Tang Hai states that this is the first full-term report of Pig-monkey chimeras at the State Key Laboratory of Stem Cell and Reproductive Biology in Beijing. A Chimera is a living organism containing two sets of DNA or made of two different genes. Tang Hai and his colleagues from the State Key Laboratory of stem cell and reproductive biology, developed baby pigs, which are the first pig-primates.

Primarily Hai and his co-researchers modified the cynomolgus monkey cells genetically to produce a fluorescent protein called GFP, which helps in easy tracking of the pig-primate chimeras eternity. Five days after fertilization, the embryonic stem cells of the modified monkeys have been injected into pig embryos.

More than 4000 embryos were implanted into sows, out of which only ten piglets developed. In those ten piglets, only two were pig-primate chimeras identified with the aid of fluorescent protein. Only the two chimeras survived, and the eight piglets died. The chimeric piglets partly consisted of a very low proportion of monkey cells in the tissues of the liver, heart, spleen, skin, and lungs.

After a week, the two chimeric piglets died, and scientist Tang Hai suspects that pig-primates death may be due to the IVF process rather than chimerism.
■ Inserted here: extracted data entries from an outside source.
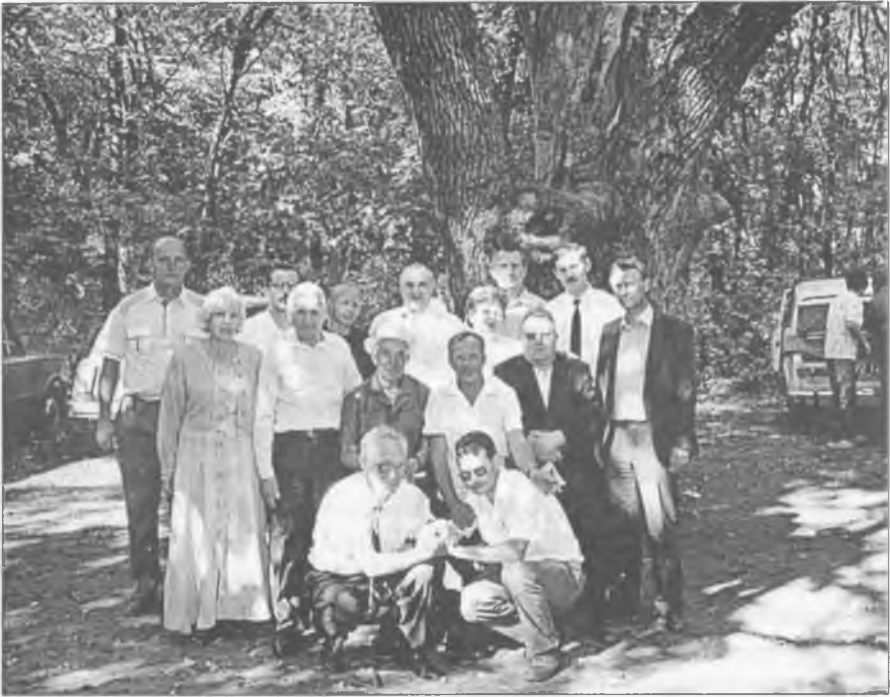
Група учасників зїзду в Дібрівському лісі

Відкрита боротьба з мафією і корупцією подобалась не всім і у 2002 році Анатолій Васильович не пройшов до парламенту. Він став помічником-консультантом у Г. О. Омельченка. І ніхто не здогадувався, що цьому спокійному, врівноваженому, мужньому патріоту залишилося жити зовсім небагато.
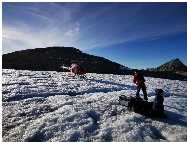
Nuummi Kangerluarsunnguami Glaciobasis-imi sermeqarfimmik malittarinninneq.

HKM ingerlanneqartumut GIOS-imut ilaavoq. Taassumalu ukiuni tulliuuttuni maarlunni aningaasalersussavai malittarinnissutit GEM-ip HKM-imut attuumassuteqartumik atortuutai.
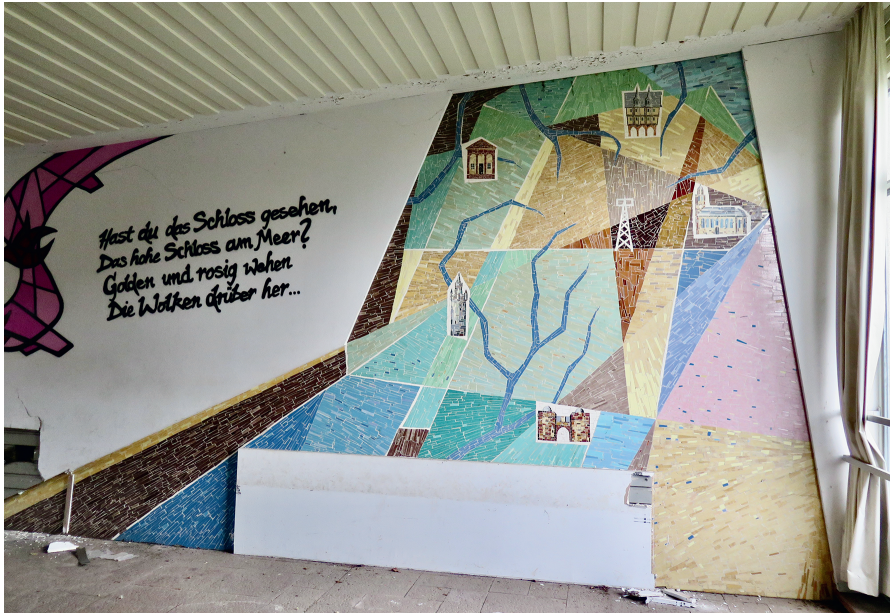
Abb. 6.1: Das Kröll'sche Wandmosaik in der Pausenhalle der Ludwig-Ubland-Schule (LUS) mit markanten historischen Gebäuden in Hessen, März 2022.
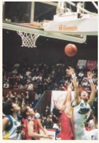
1月の皇后杯に続いてWリーグを制したジャパンエナジーJOMOサンフローズ
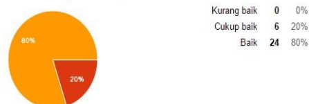
Gambar 12 Hasil survei 10

Apakah desain antarmuka aplikasi Melajah Basa Bali ini baik?
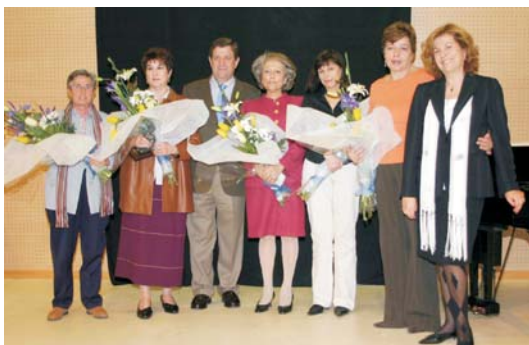
El Alcalde y la Concejal de Mujer, junto a las premiadas.
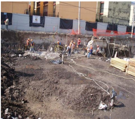
a) Preparación del terreno
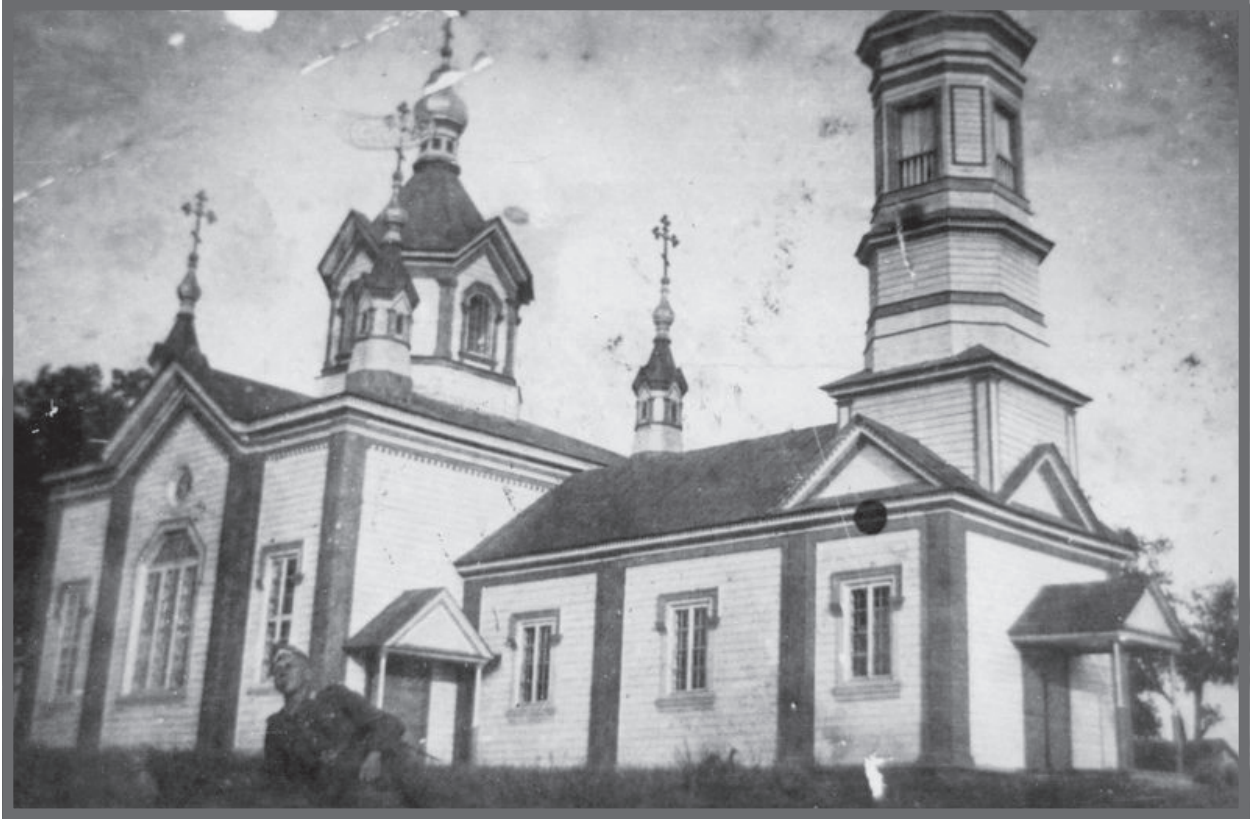
Церква Св. Трійці, 1901 р.

осоку, очерет, різні трави. Залишаємо авто і по знайомому містку переходимо через Турію, береги якої поросли верболозами. Перед нашими очима монастирище, на якому раніше стояв дерев'яний хрест-фігура з металевою огорожею на місці вівтаря згорілого храму. Нині вже новий хрест і на новому місці. Острівець з монастирищем нагадує великий безладно розкиданий мурашник. Ми – ніби на будівельному майданчику: скрізь повно щебеню, піску, сміття, розбита важкими вантажними автомашинами земля, невелика дерев'яна церква і будинки невідомого призначення... Виявляється, монастирище на острівку опанували московські батюшки, і хоч вони в тодішню неділю були відсутні (у с. Вербка вони з колишнього клубу зробили церкву?!), але сліди їх «наполегливої, далеко не церковної праці» відчувались скрізь: розклад богослужб, прейскуранти треб в московській мові на стіні церкви, інші оголошення на «том же язике». Ми всі дивуємось відсутністю на рідній землі рідної мови в незалежній Україні?! Звертаю на це увагу п. радника, але він лише розводить руками. Допоки мої кияни знімають на плівку новоявлені будівлі,
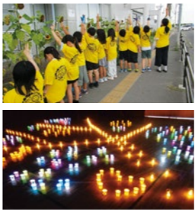
【沖野市民センター】

「地域の方に種から育てたひまわりの苗を渡す時にドキドキした。」(小学4年生) 「沖野東小学校の校長先生にひまわりの苗を渡してうれしかった。」(小学3年生) 「これからかんばんってねと応援してもらってうれしかった。」(小学4年生)
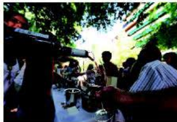
Feria del Vino de Jumilla

Los vinos de la D.O. Jumilla están elaborados a base de la variedad Monastrell, la cual representa más del 80% de la superficie cultivada. Es una variedad poco productiva pero la que mejor se adapta al clima de la zona y a las pocas lluvias que caen durante el año. De la misma se obtienen vinos potentes, expresivos, con unos colores violáceos y una redondez muy difícil de superar. A partir de la década de los 90, la uva Monastrell está dando lugar a una generación de elegantes vinos, convirtiendo al vino de Jumilla en un valor en alza. Los rosados y los tintos elaborados principalmente con Monastrell se caracterizan por su frutalidad, intenso color y fuerza. Los vinos blancos elaborados con uva Macabeo son limpios y brillantes y destacan por su frescura.
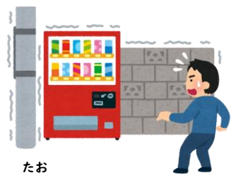
たお 倒れそうなもの
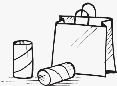
ብካርቶን እተሰርሐ መትሓዚ፡ ከረጸት ወረቆት
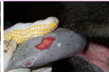
舌のびらん(黒毛和種)
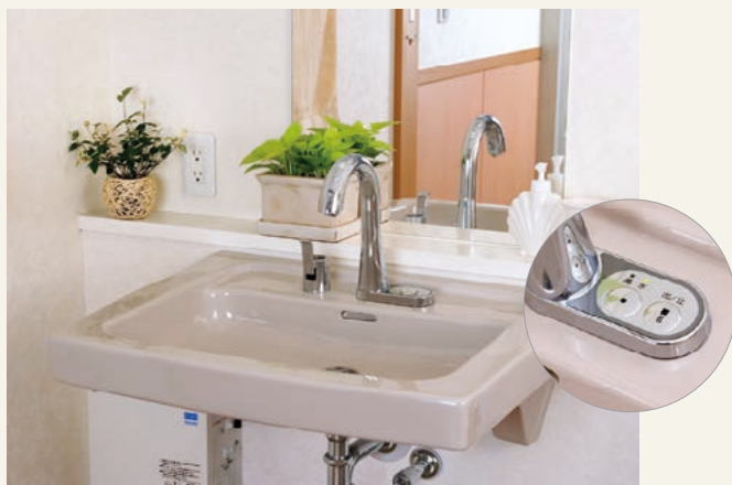
洗面ユニット(平成18年2月撮影)

ニー(膝)スペースを確保した車いす対応の使い勝手のよい洗面台です。ボタンでも手をかざすだけでも水が出る水栓機能がとても便利です。給湯機能もございます。
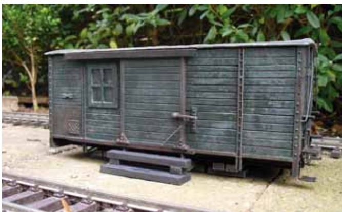
Wagenkasten als Stellwerk. (Seite 22)
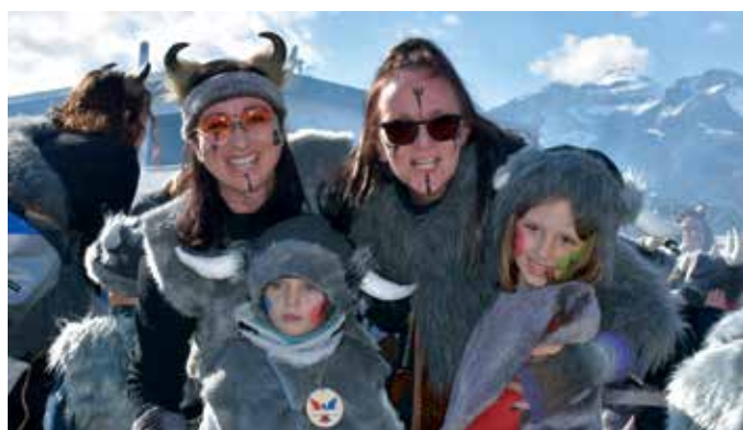
Wicki und die STARKEN Kinder beim Faschingsumzug.
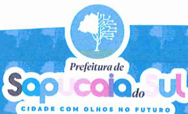
VOLMIR RODRIGUES Prefeito Municipal
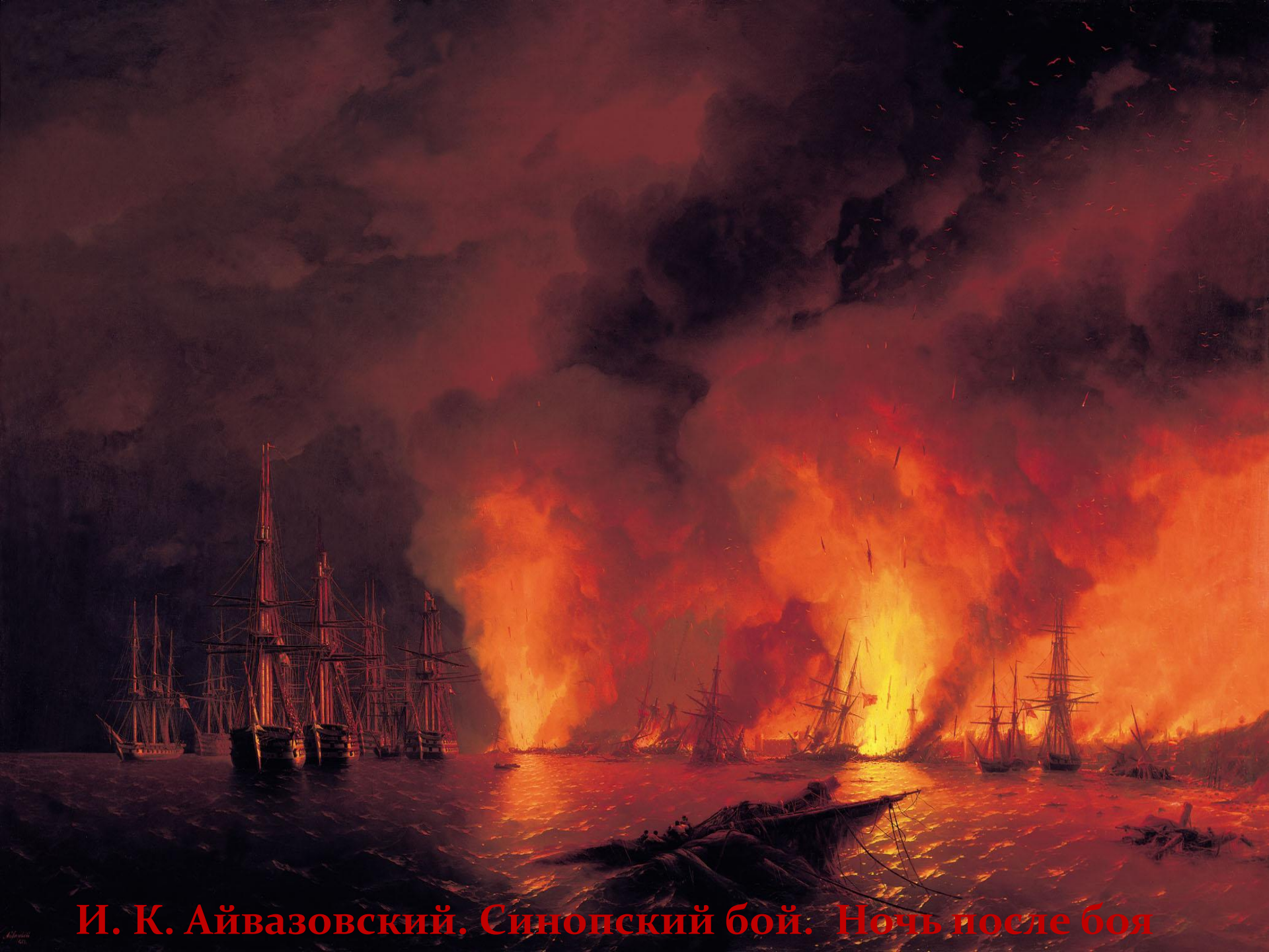
И. К. Айвазовский, Синопский бой. Ночь после боя
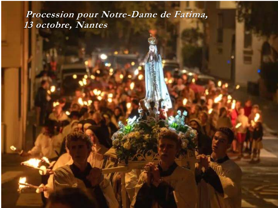
Procession pour Notre-Dame de Fatima, 13 octobre, Nantes

Tout récemment, un rescrit du pape François a rappelé que tout nouveau prêtre qui voudrait célébrer la messe tridentine doit obtenir la permission expresse du Saint-Siège. De plus, si une messe tridentine est autorisée dans une église paroissiale, il faut aussi la permission du Saint-Siège. Comment évaluez-vous ces mesures ?

Hai and his team are not in a mood to deprive; rather, he concludes the New Scientist report stating that the next step is to produce animals using a higher proportion of monkey cells. He also says that newly born pig will have one organ containing entirely of monkey cells.

Though Hai leads the study further, many scientist groups around the world fears of chimeras development due to ethical issues.

Juan Carlos Izpisua Belmonte’s team developed a human-pig chimera was created in January 2017, at the Salk Institute in California, but died after a month.

According to the Spanish newspaper's July report, Belmonte’s team has now created human-monkey chimeras, in work carried out in China, and the results are yet to publish. However, China never stops until developing primate Chimeras with partial human brains to better analyze diseases like Alzheimer's.

Hai's motive is to find an alternative for organ deficiency using chimeras, and he believes the research could offer a solution to organ donation.